> The problem
In the listing below, report how many lines include the string "فرانک", giving only that number.

> Records provided

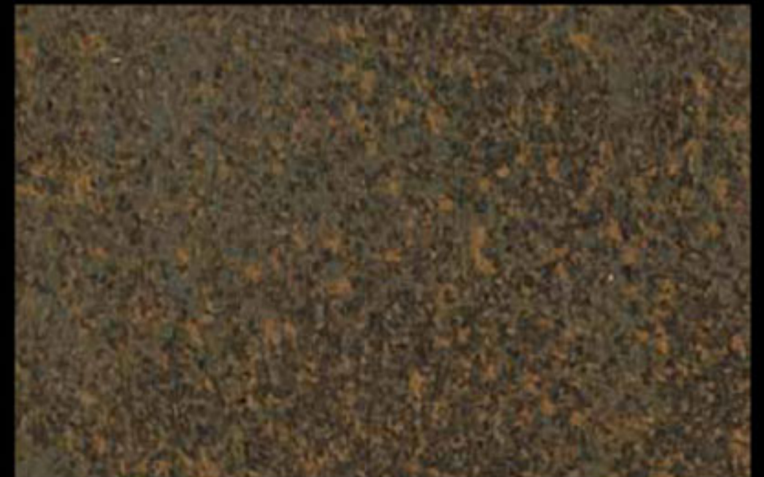
431 A KLONDIKE (LT. 1) + COLORÍ Col. 431 (6 ML.) KLONDIKE (LT. 2,5) + COLORÍ Col. 431 (15 ML.)
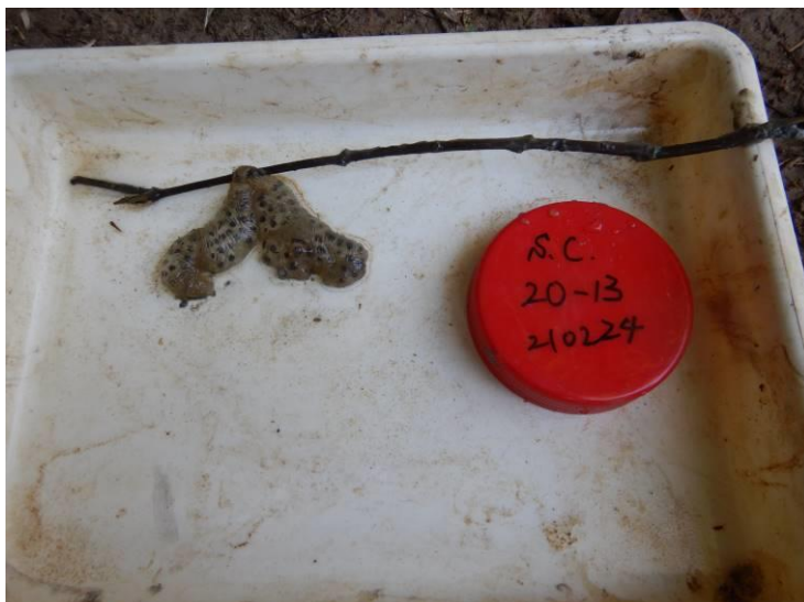
写真 4-1-18 確認した卵囊 (A-13) (令和 3 年 2 月 24 日)
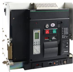
低压智能型万能式断路器
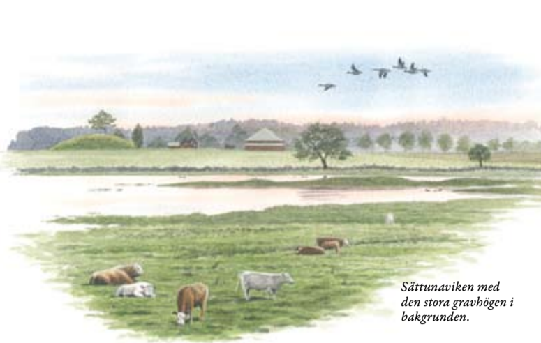
Sättunaviken med den stora gravhögen i bakgrunden.
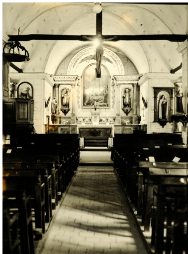
Intérieur de l'église de Thuboeuf, début du XXe siècle. IVR52_20205300532NUCA
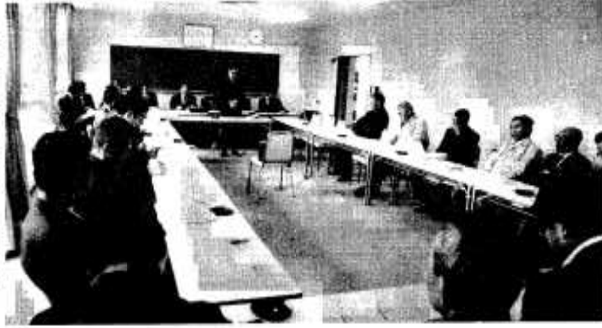
減反問題などを審議する推進会議

しながら実施します。 転作作物は大豆 そば飼料作物が有利 市では、来年度の方針として、大豆、麦、飼料作物を重点に転作をすすめます。なお、当りの奨励補助金は大豆・麦等の特定作物の場合は四万九千円、野菜類は三万四千円です。さらに地域ぐるみ
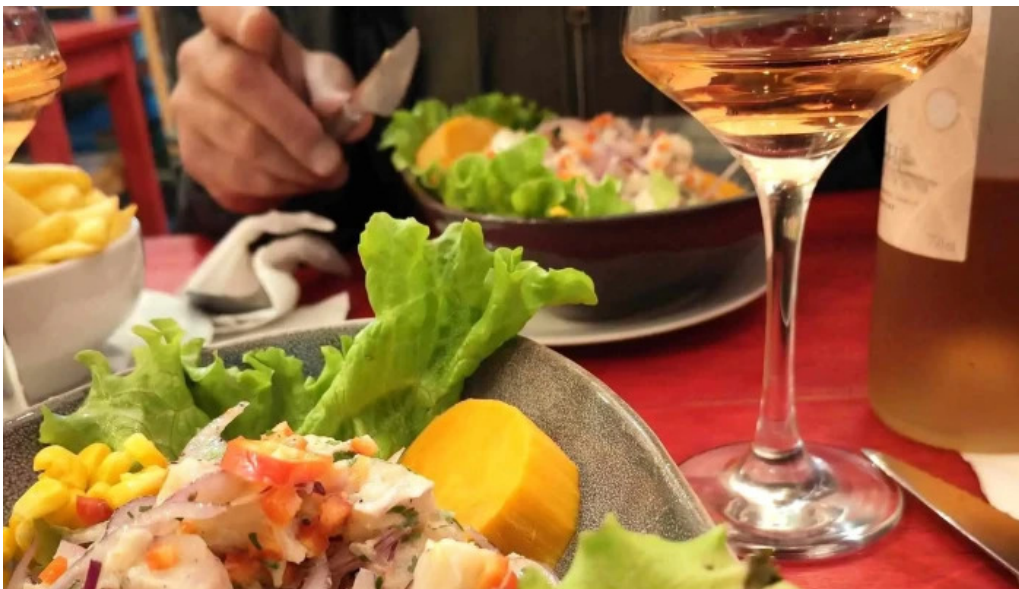
Cayena comentario 4
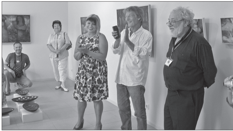
Mākslinieki no mūsu sadraudzības pilsētas Valdemārsvikas izstādes atklāšanā Rojas muzejā.
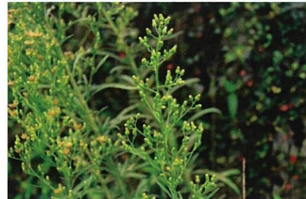
ヒメムカシヨモギ

草丈は60~100cmになる。花は3~4mmと小さく、ピンク色に色づく。花期は7~9月。衣服などによくくっついてくる。
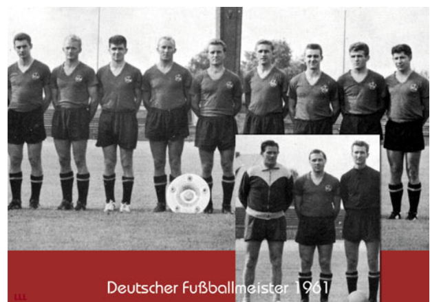
Deutscher Fußballmeister 1961
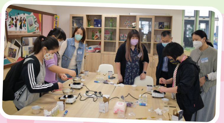
家委細心指導參加者製作蠟燭

學校開放日是每年一度的盛事，每年家教會都會準備一些活動給各位來賓參與，感受溫馨的氣氛。今年我們準備了「香薰告白蠟燭」，材料及做法都很簡單。家長和同學們都踴躍參與，細心設計屬於自己的蠟燭，看到他們拿着製成品時的喜悅，我都為大家高興。希望來年開放日能再遇見你們呢！
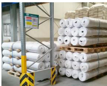
Bentonitmatte 2,50x10 m "Medio"
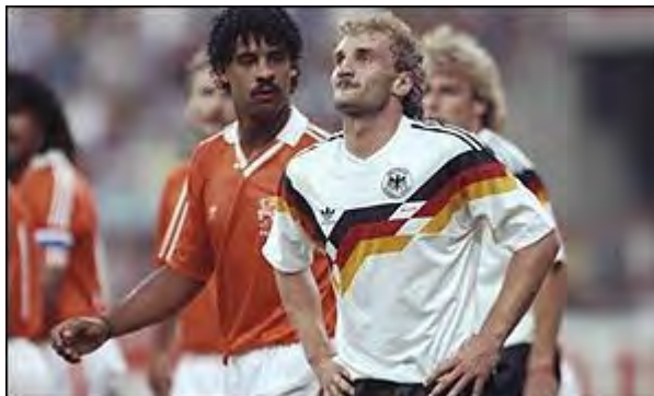
اخراج رودی فولر و فرانک رایکارد از بازی

از طرفی آلمان غربی که در گروه D قرار داشت به عنوان تیم اول به مرحله یک هشتم صعود کرد . در آنجا آنها باید با هلند که تیمی قدری بود دیدار می کردند . در یک بازی پر برخورد آلمان غربی ۲ - ۱ هلند را شکست داد . در این بازی رودی فولر (آلمان) و فرانک رایکارد (هلند) به خاطر درگیری از بازی اخراج شدند .
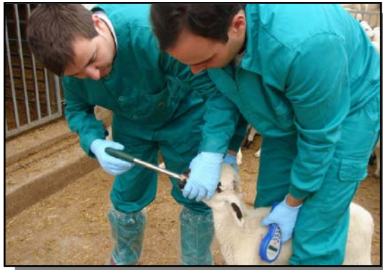
Ilustración 2.- Aplicación de bolo ruminal "mini" en cordero

Los animales debían ser identificados por operadores, con capacidad y experiencia probada en la aplicación de este tipo de dispositivos.
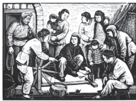
木刻画《给群众修理纺车》, 力群(1945年)

听了毛主席“文艺座谈会”的报告后,延安木刻工作者深入基层,参加各种火热的斗争,年画制作的题材带有浓厚的生活气息……1945年延安的新年画运动总结出了创作经验,内容上强调“尊重民间风习道德”;形式上“又夸张又写实”,适合于广大人民群众(首先是农民群众)欣赏习惯的民间年画的传统风格。 ——摘自陈叔亮《从延安的新年画运动谈起》(1953年)
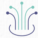
شبكة اتصالات فايبر
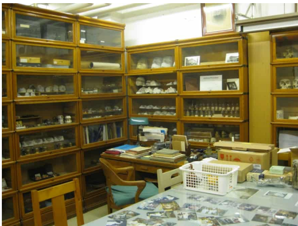
Förvaringslokaler för Odontologiska museets samlingar i Brunakärr. Museet kommer att lämna lokalen 2020. Foto Henna Sinisalo 2014.

En del av föremålen flyttades till universitetsmuseets nya permanenta utställning i Arpeanum 2003 och en del därifrån vidare till museets föremålsmagasin 2014. Odontologiskt arkivmaterial flyttades från universitetsmuseet till universitetets centralarkiv 2016.
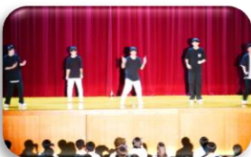
個性溢れる パフォーマンスが次々!
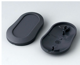
B9002908 Partie inférieure et supérieure DS ABS (UL 94 HB) lava 51x32x13mm
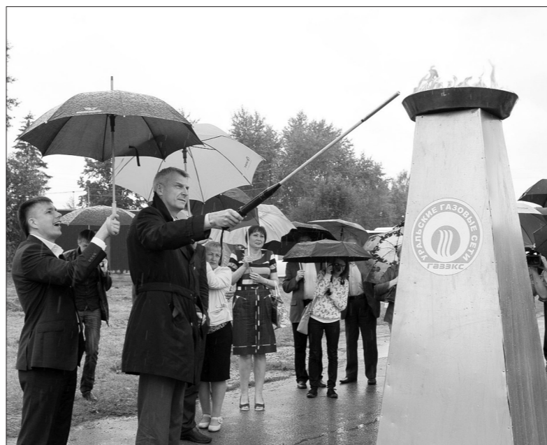
Факел зажжен - на Голом Камне появился газ!
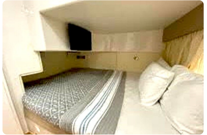
Intrepid 475 SY aft cabin
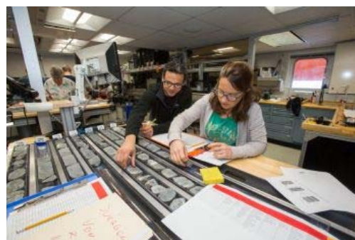
Les scientifiques au travail
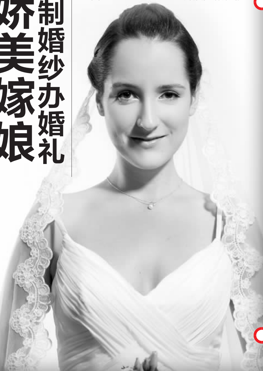
网友“@WENWEN_GUO”设计的一款婚纱
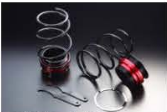
リア車高調キット ダイハツ ミラアヴィ L250S [RKD3-8] 17,000円 (税別)
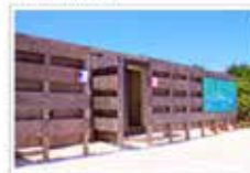
◆ 更衣室, 淋浴室
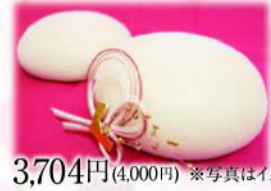
3,704円(4,000円) ※写真はイメージです。
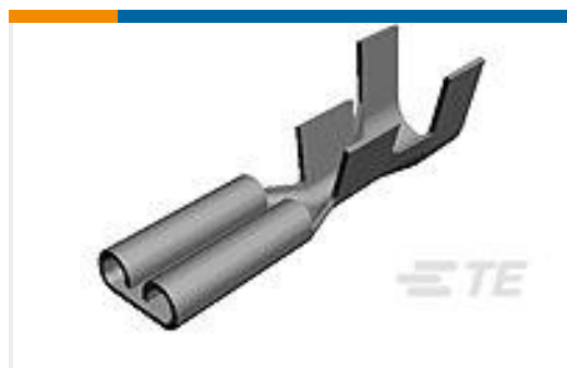
TE 产品编号63705-1 125 FASTON REC 22-18 AWG BR
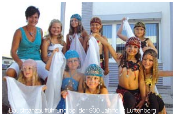
Bauchtanzaufführung bei der 900 Jahrfeier Luftenberg
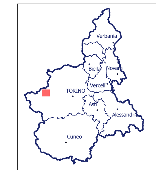
Localizzazione dell'area di studio nell'ambito regionale
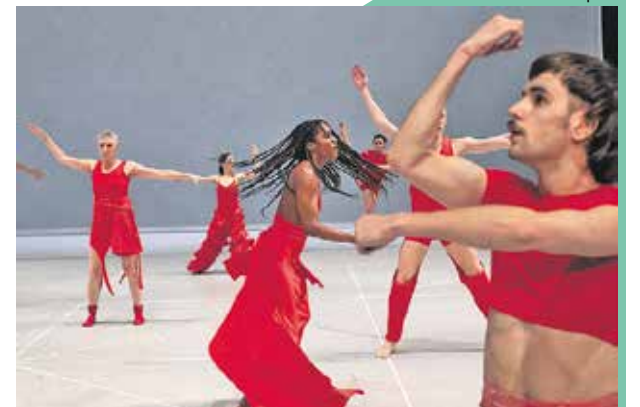
Any attempt will end in crushed bodies and shattered bones
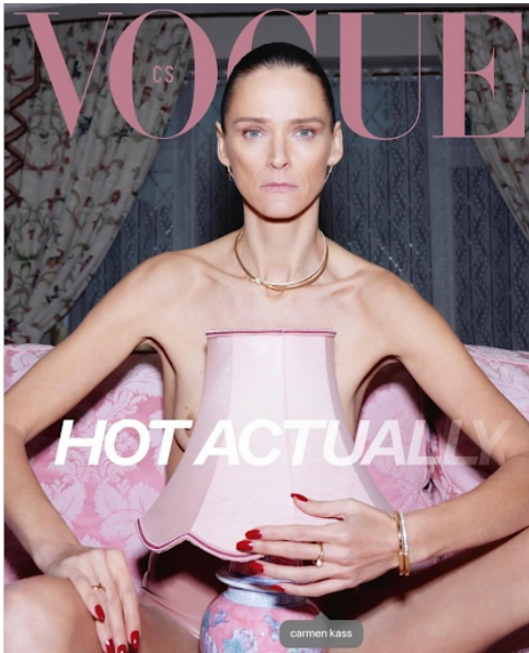
Carmen Kass Vogue'i esikaanel.

Kamala Harris on USA esimene naisasepresident ja esimene mustanahaline naine, kes on jõudnud sellesse kõrgesse ametisse. Tema teekond poliitikas ja tema pühendumus õiguste kaitsmisele ja võrdsusele on muutnud maailma. Kamala Harris on seisnud naiste õiguste, hariduse ja tervishoiu eest, olles igal sammul eeskujuks neile, kes tahavad oma häält kuulda anda ja muuta maailma paremaks paigaks.
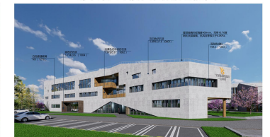
综合办公楼东南角透视图
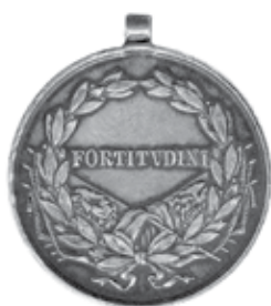
Slika 6. Srebrna medalja za hrabrost s likom cara Karla I., revers.

Na aversu Medalje za hrabrost prikazano je carevo poprsje u maršalskoj uniformi, udesno (sl. 5. i 6.). Uokolo je natpis: CAROLVS D. G. IMP. AVST. REX BOH. ETC. ET REX APOST. HVNG. ( Karlo, milošću Božjom car Austrije, kralj Češke itd. i apostolski kralj Ugarske ). Tada je revers Medalje za hrabrost prvi put izmijenio izgled; dotadašnji natpis na njemačkom jeziku (DER TAPFERKEIT), zamijenjen je natpisom na latinskom jeziku: FORTITUDINI ( Za hrabrost ).
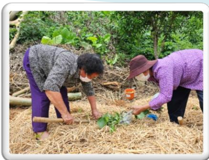
สร้างความมั่นคง

โครงการเสริมสร้างและพัฒนาผู้นำการเปลี่ยนแปลง กิจกรรมที่ ๘ สร้างพลังเครือข่ายและขยายผลผู้นำการเปลี่ยนแปลง กิจกรรมย่อยที่ ๘.๒ จัดเวทีแลกเปลี่ยนบทเรียนความสำเร็จ ผู้นำการเปลี่ยนแปลง (ระดับอำเภอ)
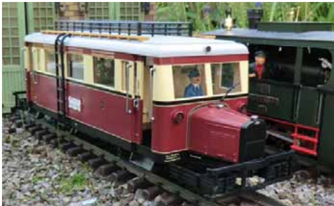
Neuheit von MLGB ausgeliefert – Schienenbus T41 (Seite 50)
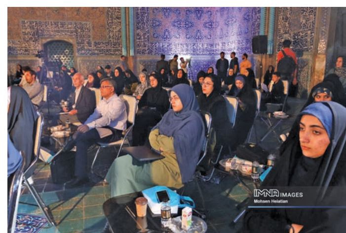
معاون شهردار و رئیس سازمان فرهنگی، اجتماعی و فرهنگی شهرداری اصفهان اعلام کرد:
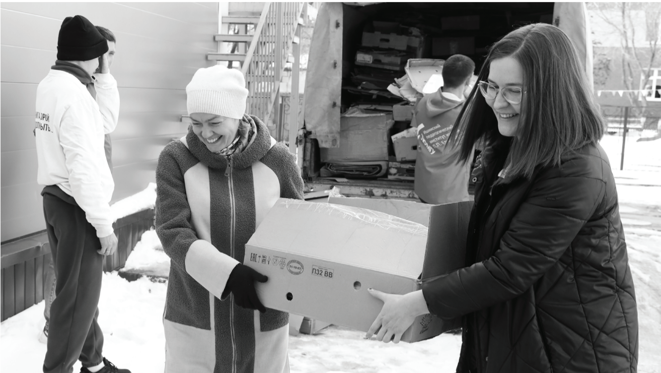
Акция по сбору макулатуры в поддержку национального проекта «Экология», который реализуется по решению президента России, стартовала 23 сентября.
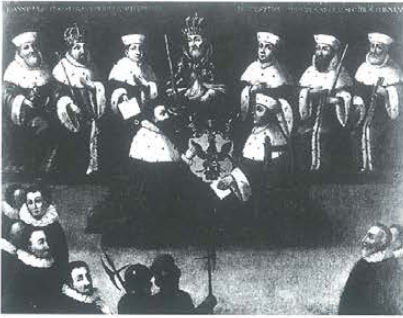
Nadanie tytułu książęcego Mikołajowi Radziwiłłowi „Czarnemu”, 1 poł. XVII w. Zaginiony.

zów historycznych i batalistycznych, ilustrujących dzieje rodu Radziwiłłów i Sobieskich. Wymienione obrazy to prace zarówno prowincjonalnych twórców pozostających na służbie książęcej, jak i malarzy profesjonalistów o ugruntowanej sławie, nie-
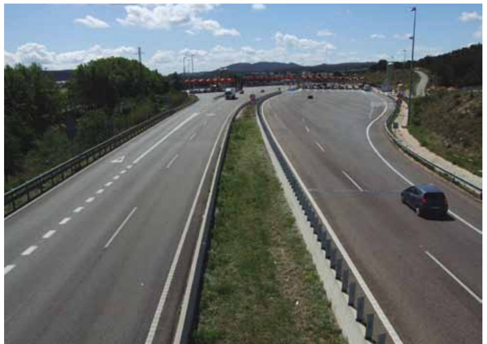
• Peatge de l'AP7, conegut com "barrera" de la frontera, a la Jonquera
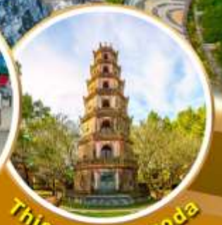
Thien Mu Pagoda
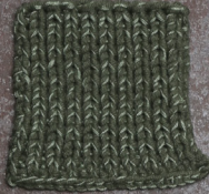
Cosy: Hunting Green SBF: Soft Green
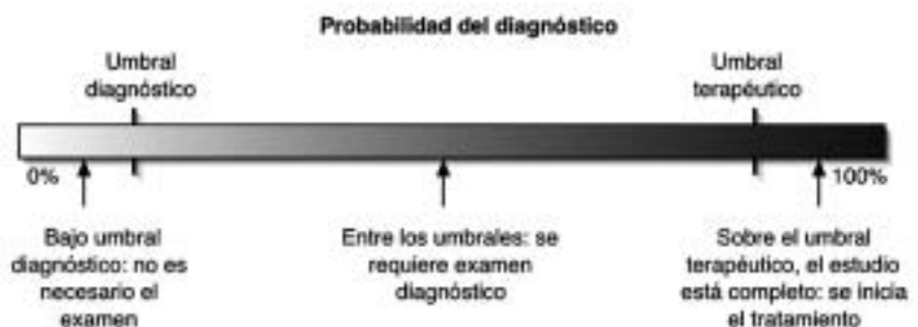
Figura 1. Umbrales para realizar un examen diagnóstico de acuerdo a la probabilidad del diagnóstico clínico.

La búsqueda de información relevante en PubMed ( http://www.pubmed.gov ) utilizando los
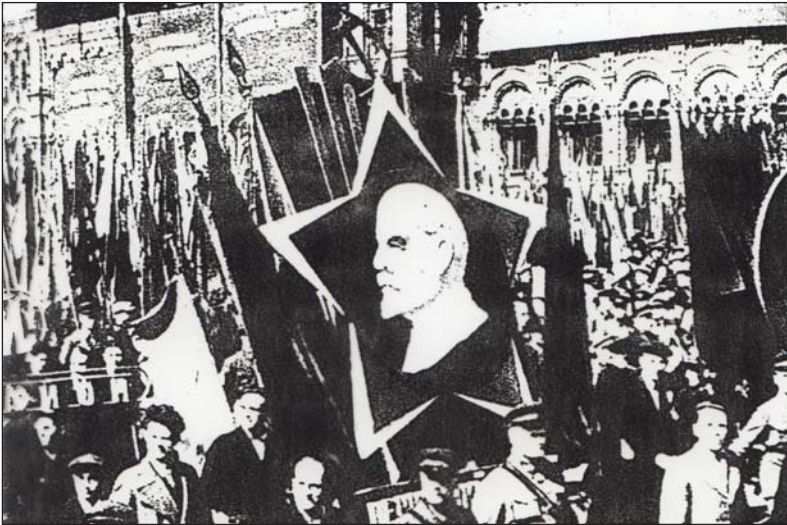
Abb. 2: Mai-Demonstration in Moskau mit Lenin-Ikone

Der Erste Weltkrieg hatte die liberale Kultur Europas aus ihren Verankerungen gerissen. Im Chaos von Krieg und Nachkriegszeit wurden viele Menschen anfällig für neue Heilslehren. Der „Frühling der Heilbringer“ war ein gesamteuropäisches Phänomen – nach 1917/18, nach 1922 und erst recht nach 1933. Die Zeit war bewegt von Erlösungsstimmungen; politische Führer wurden zu messianischen Figuren, sie zogen Bewunderung und Verehrung auf sich. Bilder der Führer standen im Mittelpunkt politischer Liturgien, sie wurden bei Märschen mitgeführt, bei Gedenkfeiern feierlich erhöht und allen sichtbar gemacht. Aber sie drangen auch in häuslichen Formaten in den Alltag ein. Im Russland der Revolution
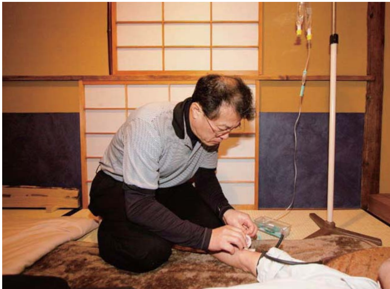
茶室で患者に点滴をする。茶室は床の間を備えた本格的なもので、仮院長の妻がお茶を点てることも
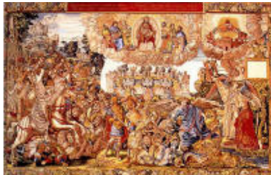
Octavo tapiz: El Triunfo de la Iglesia.
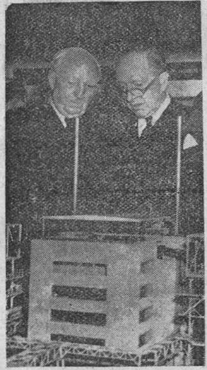
Lord Woolton y lord Salisbury contemplan una maqueta del famoso establecimiento atómico de Calder Hall, en la exposición de "Atomos y Salud" inaugurada recientemente en Londres.

Londres. — Radio Moscú, en su emisión de habla inglesa, dice que «Norteamérica se encuentra por detrás de la Unión Soviética en la producción de armas atómicas y de proyectiles dirigidos de largo alcance». La emisora comunista añade que los informes aparecidos en el periódico «New York Herald Tribune», según los cuales Estados Unidos habían conseguido una superioridad militar, son falsos.

> Your solution
2